BERAU – Rencana pengoperasian rumah sakit baru (RS Raja Alam) masih harus menunggu penyelesaian Regulasi BPJS. Penjelasan itu disampaikan oleh Bupati Berau saat menjelaskan program pemerintah daerah yang pelaksanaanya telah dilandasari oleh nilai-nilai Pancasila.
Menurutnya, prinsip-prinsip Pancasila telah diterapkan dalam berbagai program pembangunan dan pelayanan kepada masyarakat. Namun, ia mengakui saat ini pemerintah daerah menghadapi tantangan efisiensi anggaran sehingga pelaksanaan sejumlah program harus disesuaikan.
Sri Juniarsih menjelaskan sektor kesehatan yang menurutnya menjadi salah satu prioritas pemerintah daerah. Namun hingga kini, rumah sakit baru yang telah dibangun belum dapat dioperasikan karena masih ada sejumlah regulasi yang harus dipenuhi.
Ia menegaskan, penundaan operasional rumah sakit tersebut bukan karena pemerintah daerah sengaja menunda atau tidak memiliki komitmen untuk meningkatkan pelayanan kesehatan kepada masyarakat.

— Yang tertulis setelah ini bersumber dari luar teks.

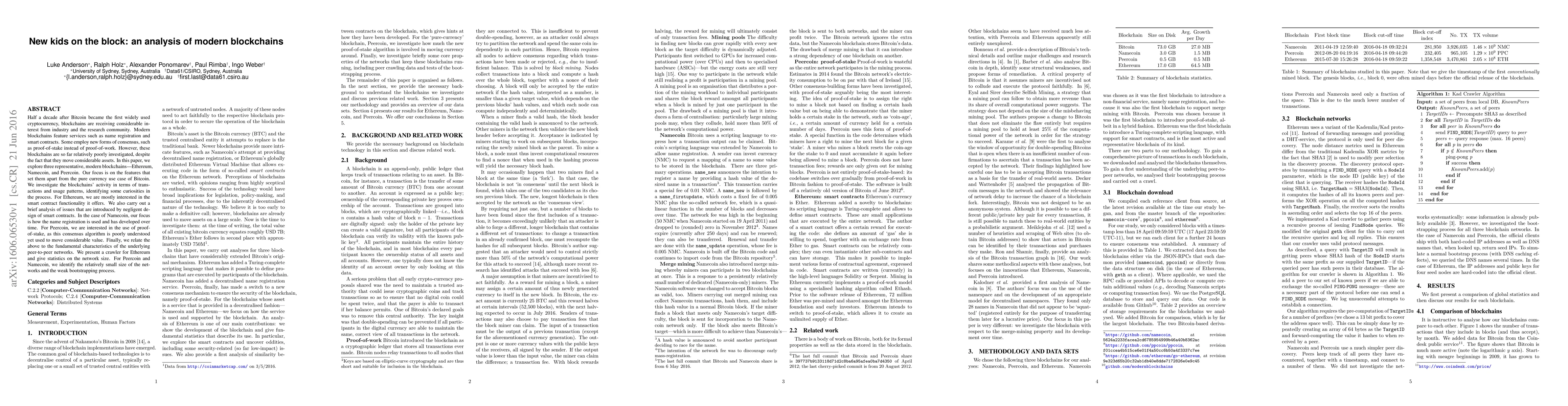 Half a decade after Bitcoin became the first widely used cryptocurrency, blockchains are receiving considerable interest from industry and the research community. Modern blockchains feature services such as name registration and smart contracts. Some employ new forms of consensus, such as proof-of-stake instead of proof-of-work. However, these blockchains are so far relatively poorly investigated, despite the fact that they move considerable assets. In this paper, we explore three representative, modern blockchains---Ethereum, Namecoin, and Peercoin. Our focus is on the features that set them apart from the pure currency use case of Bitcoin. We investigate the blockchains' activity in terms of transactions and usage patterns, identifying some curiosities in the process. For Ethereum, we are mostly interested in the smart contract functionality it offers. We also carry out a brief analysis of issues that are introduced by negligent design of smart contracts. In the case of Namecoin, our focus is how the name registration is used and has developed over time. For Peercoin, we are interested in the use of proof-of-stake, as this consensus algorithm is poorly understood yet used to move considerable value. Finally, we relate the above to the fundamental characteristics of the underlying peer-to-peer networks. We present a crawler for Ethereum and give statistics on the network size. For Peercoin and Namecoin, we identify the relatively small size of the networks and the weak bootstrapping process.

“Karena itu adalah salah satu poin-poin dari Pancasila. Keadilan kepada masyarakat dalam hal kesehatan prioritas bagi saya. Tetapi kami sangat patuh terhadap regulasi. Kami tidak ingin mengaktifkan rumah sakit baru, ternyata dari sisi aturan kami salah. Kami tidak mau membebani masyarakat dan tidak ingin melanggar regulasi,” ungkapnya se-usai Upacara Hari Lahir Pancasila Senin (01/06/2026).
Menurutnya, keberadaan rumah sakit baru merupakan bagian dari upaya pemerintah untuk mewujudkan keadilan sosial di bidang kesehatan. Karena itu, pemerintah daerah terus berupaya agar fasilitas tersebut dapat segera beroperasi.
“Ketika kami tetap membuka misalnya, kami harus memungut bayaran kepada masyarakat, itu namanya pungli. Itu masyarakat yang lebih ribut lagi kalau namanya pungli. Ketika kami harus gratiskan, di mana kami mengambil dana itu? Di tengah efisiensi anggaran saat ini”. Ungkapnya.
Sri Juniarsih juga meminta masyarakat memahami bahwa keterlambatan tersebut disebabkan oleh proses administrasi dan aturan yang harus dipenuhi. Ia menegaskan pemerintah daerah tidak dapat mengambil langkah yang bertentangan dengan ketentuan yang berlaku.
“Bukan kami delay karena kemauan kami, tetapi kami juga diatur oleh regulasi. Target kami mungkin sekitar 7-6 bulan. Tapi kami upayakan secepat mungkin,” jelasnya.
Saat ini, sebagian besar peralatan untuk rumah sakit tersebut disebut sudah tersedia. Namun masih terdapat beberapa persyaratan yang harus diselesaikan, salah satunya terkait mekanisme kerja sama dengan BPJS Kesehatan.
“Barang-barang sudah masuk, tetapi ada regulasi yang harus kami patuhi. Ternyata satu rumah sakit itu satu BPJS. Kalau ada dua rumah sakit berarti harus ada pengaturan BPJS untuk rumah sakit yang lain juga,” ungkapnya.